What you need to do: The goal is an unaltered copy of the records below, minus any images.

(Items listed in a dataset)
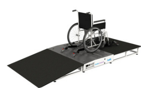
Esseda wheelchair ergometer
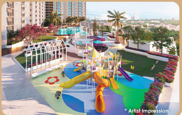
* Artist Impression
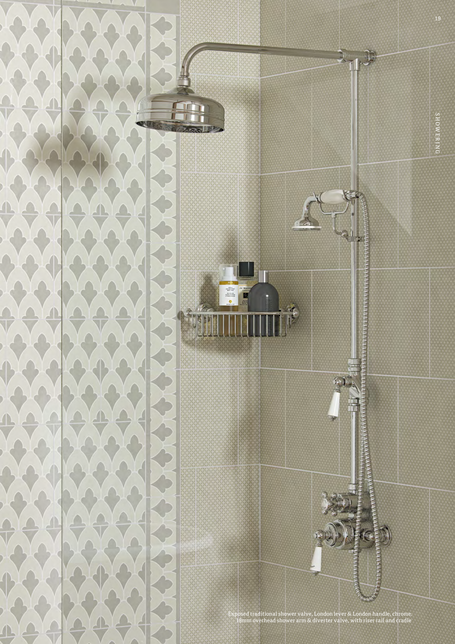
Exposed traditional shower valve, London lever & London handle, chrome. 18mm overhead shower arm & diverter valve, with riser rail and cradle
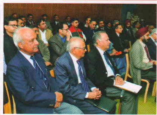
A Section of Veterans at the Seminar

The CAG (DPC) Act was passed in 1971 and since then many developments have taken place. The Act needs to be replaced with a comprehensive new legislation. The existing Act talks about three types of audit, namely the Expenditure Audit, Receipt Audit and Commercial Audit. Since then new types of audits have emerged like the Performance Audit, the Environment Audit and Information Technology Audits. These need to be included in the Act. The new Audit Act must also, among other things, stipulate a time period within which CAG's Audit Reports should be presented to the Parliament/State Legislatures after being submitted to the President/Governor as provided in Article 151 of the Constitution of India.
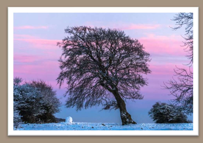
"The lone tree - RIP" - Ian Peters
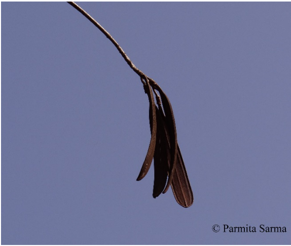
Fig 13: Oroxylum indicum
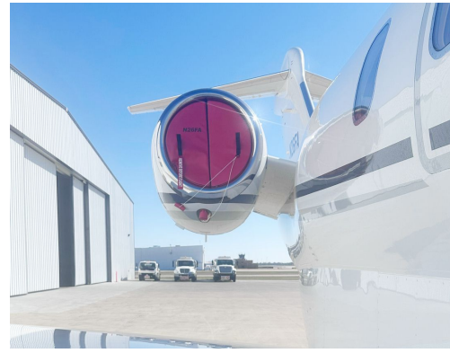
Canadair Challenger 300 Intake Plugs
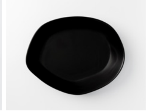
13.5" Deep Platter

14.5" wide x 1" long, .75" lip Item no. 03-07-14 / PL-Skinny-M Pictured in Birch
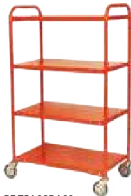
RE T5 L2GP L22

Response to the task:
Esseda wheelchair ergometer
* Artist Impression
Exposed traditional shower valve, London lever & London handle, chrome. 18mm overhead shower arm & diverter valve, with riser rail and cradle
A Section of Veterans at the Seminar

The CAG (DPC) Act was passed in 1971 and since then many developments have taken place. The Act needs to be replaced with a comprehensive new legislation. The existing Act talks about three types of audit, namely the Expenditure Audit, Receipt Audit and Commercial Audit. Since then new types of audits have emerged like the Performance Audit, the Environment Audit and Information Technology Audits. These need to be included in the Act. The new Audit Act must also, among other things, stipulate a time period within which CAG's Audit Reports should be presented to the Parliament/State Legislatures after being submitted to the President/Governor as provided in Article 151 of the Constitution of India.
"The lone tree - RIP" - Ian Peters
Fig 13: Oroxylum indicum
Canadair Challenger 300 Intake Plugs
13.5" Deep Platter

14.5" wide x 1" long, .75" lip Item no. 03-07-14 / PL-Skinny-M Pictured in Birch
RE T5 L2GP L22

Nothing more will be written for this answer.